Data to use ▸
────────────────────
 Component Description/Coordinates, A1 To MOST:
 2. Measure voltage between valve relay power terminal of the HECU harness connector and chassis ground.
────────────────────
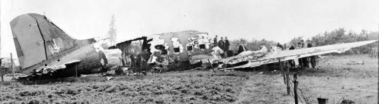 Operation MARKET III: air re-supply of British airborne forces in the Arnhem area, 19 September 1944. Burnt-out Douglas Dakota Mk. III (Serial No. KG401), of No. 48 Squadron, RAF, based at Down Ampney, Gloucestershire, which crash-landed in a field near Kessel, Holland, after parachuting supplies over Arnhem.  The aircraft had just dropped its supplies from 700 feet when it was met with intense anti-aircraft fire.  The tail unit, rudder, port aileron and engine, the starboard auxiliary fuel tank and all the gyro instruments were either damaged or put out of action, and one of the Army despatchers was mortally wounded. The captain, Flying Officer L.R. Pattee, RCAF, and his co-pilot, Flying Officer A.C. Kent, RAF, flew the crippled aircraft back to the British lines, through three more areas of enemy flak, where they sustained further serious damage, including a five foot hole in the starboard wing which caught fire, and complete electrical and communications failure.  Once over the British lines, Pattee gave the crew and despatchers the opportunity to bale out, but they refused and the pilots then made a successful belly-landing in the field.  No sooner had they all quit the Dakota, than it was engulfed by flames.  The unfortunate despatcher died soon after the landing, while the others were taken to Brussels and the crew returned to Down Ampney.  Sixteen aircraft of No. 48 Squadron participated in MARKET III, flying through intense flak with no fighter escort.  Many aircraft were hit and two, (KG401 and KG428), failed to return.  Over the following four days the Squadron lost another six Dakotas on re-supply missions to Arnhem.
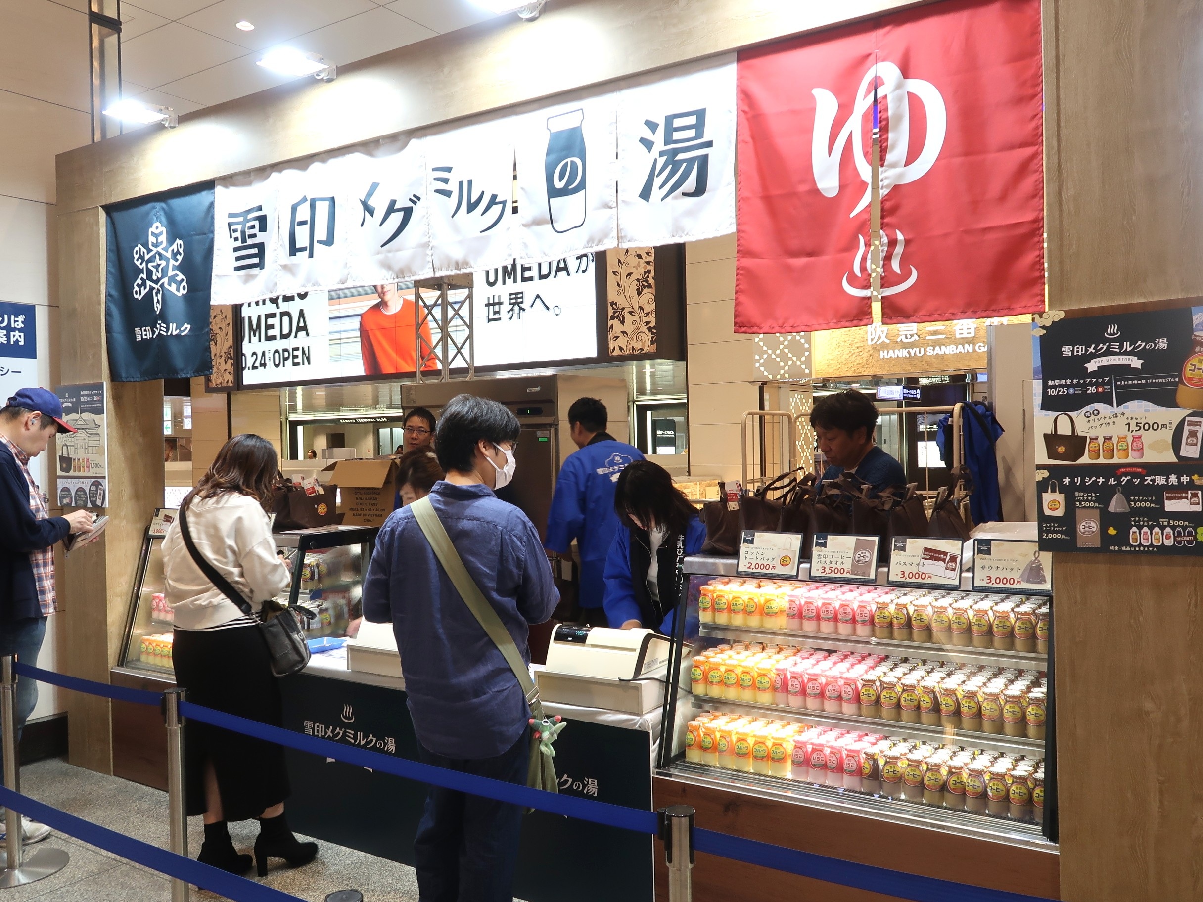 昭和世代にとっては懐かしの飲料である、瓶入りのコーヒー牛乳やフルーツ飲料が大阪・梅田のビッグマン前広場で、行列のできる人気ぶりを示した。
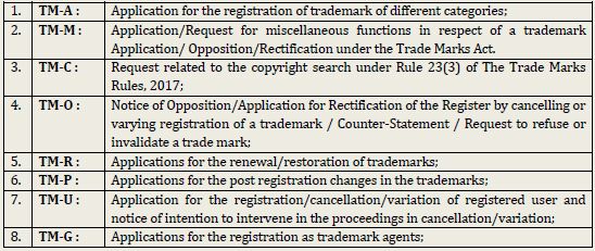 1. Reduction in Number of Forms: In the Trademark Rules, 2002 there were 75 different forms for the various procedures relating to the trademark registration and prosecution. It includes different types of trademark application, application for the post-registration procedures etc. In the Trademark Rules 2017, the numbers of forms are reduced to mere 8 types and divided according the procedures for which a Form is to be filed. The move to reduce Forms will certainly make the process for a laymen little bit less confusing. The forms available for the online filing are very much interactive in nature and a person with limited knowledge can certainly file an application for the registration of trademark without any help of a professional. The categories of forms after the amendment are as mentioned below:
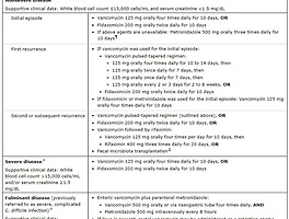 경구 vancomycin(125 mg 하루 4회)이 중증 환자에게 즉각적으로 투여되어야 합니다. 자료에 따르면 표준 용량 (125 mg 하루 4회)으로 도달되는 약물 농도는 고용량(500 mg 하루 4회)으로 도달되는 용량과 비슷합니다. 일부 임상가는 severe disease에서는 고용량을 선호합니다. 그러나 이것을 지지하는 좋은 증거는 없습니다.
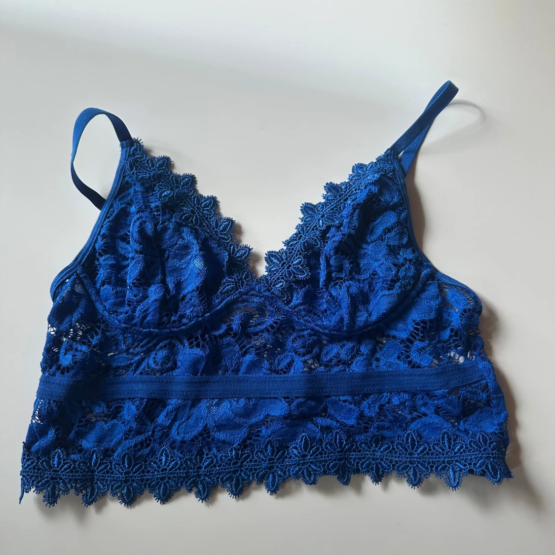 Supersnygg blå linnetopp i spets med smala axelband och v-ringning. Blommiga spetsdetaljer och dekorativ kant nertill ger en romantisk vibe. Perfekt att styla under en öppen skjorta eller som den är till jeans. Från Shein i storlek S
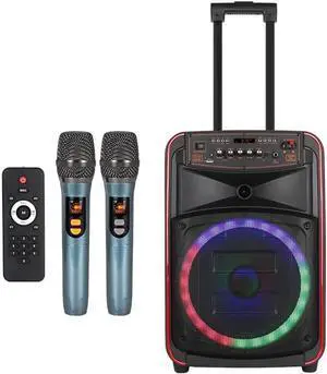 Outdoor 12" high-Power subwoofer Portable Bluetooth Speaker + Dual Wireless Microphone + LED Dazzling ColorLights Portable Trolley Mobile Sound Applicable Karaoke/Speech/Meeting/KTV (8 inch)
────────────────────
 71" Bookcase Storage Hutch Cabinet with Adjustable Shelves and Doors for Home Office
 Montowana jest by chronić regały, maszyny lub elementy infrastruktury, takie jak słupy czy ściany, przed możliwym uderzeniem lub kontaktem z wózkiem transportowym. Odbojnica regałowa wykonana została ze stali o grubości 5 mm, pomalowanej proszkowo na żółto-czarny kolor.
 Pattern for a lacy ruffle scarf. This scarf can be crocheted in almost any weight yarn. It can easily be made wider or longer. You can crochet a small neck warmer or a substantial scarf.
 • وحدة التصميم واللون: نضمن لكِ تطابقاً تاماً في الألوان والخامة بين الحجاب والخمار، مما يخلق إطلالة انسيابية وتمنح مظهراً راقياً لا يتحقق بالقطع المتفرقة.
────────────────────
Task description ▸ Using the data above, reproduce exactly the lines between those holding "Component Description/Coordinates, A1" and "2. Measure voltage", inclusive, and no others.

Output of the task ▸
 Component Description/Coordinates, A1 To MOST:
 2. Measure voltage between valve relay power terminal of the HECU harness connector and chassis ground.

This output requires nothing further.